[Fishkill,] the English name of the stream of which Matteawan is the estuary, is from Dutch Vischer's Kil. It was probably applied by the Dutch to the estuary from Vischer's Rak which the Dutch applied to a reach or sailing course on the Hudson at this point. De Laet wrote: "A place which our country-men call Vischer's Rack, [FN] that is Fisherman's Bend." (See Woranecks.) On the earlier maps the stream, or its estuary, is named Vresch Kil, or "Fresh-water Kil," to distinguish it from the brackish water of the Hudson. From the estuary extended to the entire stream.


[FN] Rack is obsolete; the present word is Recht. It describes an almost straight part of the river.

[Woranecks,] Carte Figurative 1614-16; Waoranecks, 1621-25; Warenecker, Wassenaer; Waoranekye, De Laet, 1633-40; Waoranecks, Van der Donck's map, 1656—is located on the Carte Figurative north of latitude 42-15, on the east side of the river. De Laet and Van der Donck place it between what are now known as Wappingers' Creek and Fishkill Creek. De Laet wrote: "Where projects a sandy point and the river becomes narrower, there is a place called Esopus, where the Waoranekys, another barbarous nation, have their abode." Later, Esopus became permanent on the west side of the river at Kingston. It is a Dutch corruption of Algonquian Sepus, meaning brook, creek, etc., applicable to any small stream. From De Laet's description, [FN] there is little room for doubt that the "sandy point" to which he referred is now known as Low Point, opposite the Dans Kamer, at the head of Newburgh Bay, where the river narrows, or that Esopus was applied to Casper's Creek. On Van der Donck's map the "barbarous nation" is given three castles on the south side of the stream, which became known later (1643) as the Wappingers, who certainly held jurisdiction on the east side of Newburgh Bay. The adjectival of the name is no doubt from Wáro, or Waloh, meaning "Concave, hollowing," a depression in land, low land, the latter expressed in ock (ohke), "land" or place. The same adjectival appears in Waronawanka at Kingston, and the same word in Woronake on the Sound at Milford, Ct., where the topography is similar. The foreign plural s extends the meaning to "Dwellers on," or inhabitants of. (See Wahamenesing and {Waro?}nawanka.)

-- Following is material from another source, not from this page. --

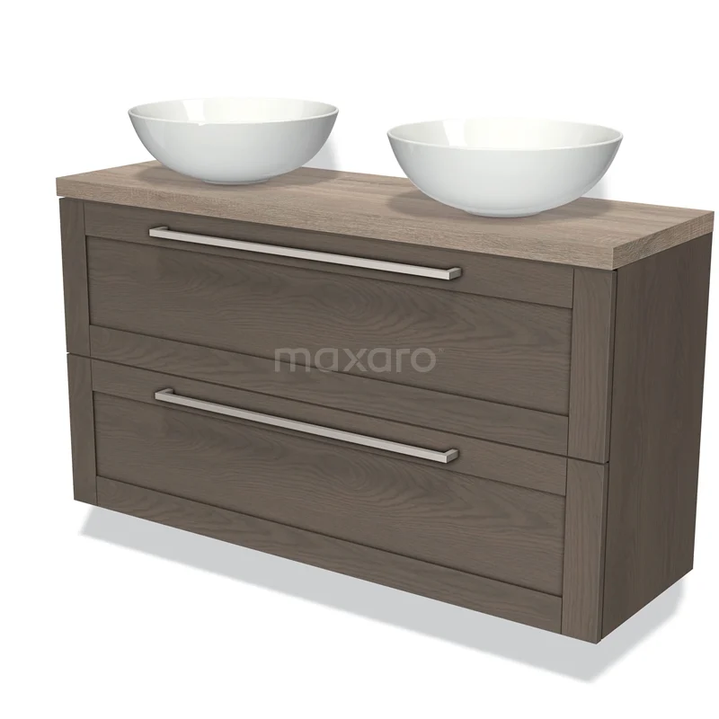 Modulo Plato Slim Badmöbel mit Aufsatzwaschbecken | 120 cm Dunkelbraune Eiche Rahmen front Eiche blatt 2 übereinanderliegende Schubladen

[FN] . . . "And thus with various windings it reaches a place which our countrymen call Vischer's Rack, that is the Fisherman's Bend. And here the eastern bank is inhabited by the Pachimi. A little beyond where projects a sandy point and the river becomes narrower, there is a place called Esopus, where the Waoranekys, another barbarous nation, have their abode. To these succeed, after a short interval, the Waranawankconghs, on the opposite side of the river." (De Laet.)

"At the Fisher's Hook are the Pachany, Wareneckers," etc. (Wassenaer.)

[Mawenawasigh,] so written in the Rombout Patent of 1684, covering lands extending from Wappingers' Creek to the foot of the hills on the north side of Matteawan Creek, was the name of the north boundmark of the patent and not that of Wappingers' Creek. The Indian deed reads: "Beginning on the south side of a creek called Matteawan, from thence northwardly along Hudson's river five hundred yards beyond the Great Wappingers creek or kill, called Mawenawasigh." The stream was given the name of the boundmark and was introduced to identify the place that was five hundred yards north of it, i. e. the rocky point or promontory through which passes the tunnel of the Hudson River R. R. at New Hamburgh. The name is from Mawe, "To meet," and Newásek, [FN] "A point or promontory"—literally, "The promontory where another boundary is met." The assignment of the name to Wappingers' Falls is as erroneous as its assignment to the creek.


[FN] Nawaas, on the Connecticut, noted on the Carte Figurative of 1614-16, is very distinctly located at a point on the head-waters of that river.